[governance] Where are we going?
Karl Auerbach
karl at cavebear.com
Sun Apr 8 03:25:59 EDT 2007
Michael Gurstein wrote:
> But what about the second part of my question...
>
> "Would/could/should ICANN or whoever is the supreme authority here
> maintain jurisdiction over the naming patterns of the sub-tld's (or the
> organizations managing the existing tld's)...
> So these issues aren't simply matters of free speech or dare I say human
> rights, they seem to me to be quite fundamental issues of how, at least
> potentially, political power may be used (or misused) in an "Information
> Society".
Even if we accept that these are fundamental issues regarding political
power, is it appropriate for that to be a subject of internet governance
at this time?
The reason I ask is multifold:
First, it is my own personal belief that the power of governance is
something that ought to be used to supersede individual choice only when
there is a clear and compelling reason to do so.

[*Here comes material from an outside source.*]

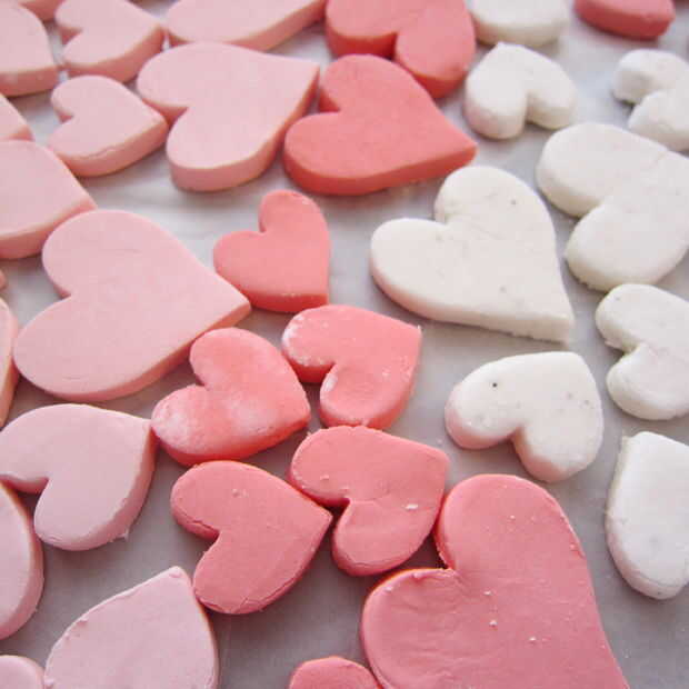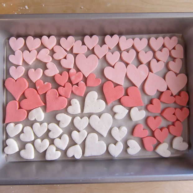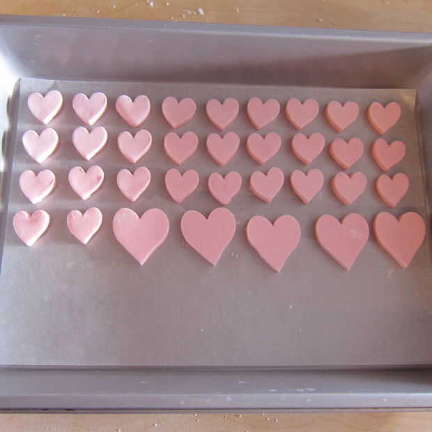 Organizar los caramelos en un pergamino forrado para hornear y dejaron secos durante 48 horas. Sé que esto es mucho tiempo pero tarda ese tiempo darles duro. Voltear el corazón de vez en cuando para asegurar un secado uniforme en ambos lados.

And I do not perceive
a clear and compelling reason in the situations in the domain name space.
Second, institutions gain legitimacy by doing their job well over an
extended period of time. And I do not see that as a community that we
have evolved to the degree that we have a sufficiently consistent point
of view on many of these matters to even hope that we could establish a
governance body that would do a good job, much less do it over an
extended period of time.
Third, there are governance issues that are being left unaddressed.

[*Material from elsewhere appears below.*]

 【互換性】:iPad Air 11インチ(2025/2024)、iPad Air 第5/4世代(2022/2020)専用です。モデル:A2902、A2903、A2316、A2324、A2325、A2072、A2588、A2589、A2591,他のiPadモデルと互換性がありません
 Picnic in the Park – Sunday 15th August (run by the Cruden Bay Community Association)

Among these are the responsibilities of root server operators, the
technical obligations to be imposed on domain name server operators
(mainly at the TLD level, but also perhaps at deeper levels), IP address
and ASN assignment (which may perhaps be best left to the RIRs),
mechanisms for end users to obtain end-to-end (cross-ISP) assurances
(not guarantees) of service quality, etc etc. The cause of internet
governance could do well in these areas - the debate is not so
emotional, and the criteria for success are more clear, as they are in
the very subjective areas in which ICANN has become mired.
All of this leads me to suggest, again, that in these early days, that
we constrain our efforts to engage on matters that have a clear linkage
to technical matters. Only at some later date, once we have experience
and have formed a more capable system of measuring competing values,
ought we to venture to try to deal with larger issues.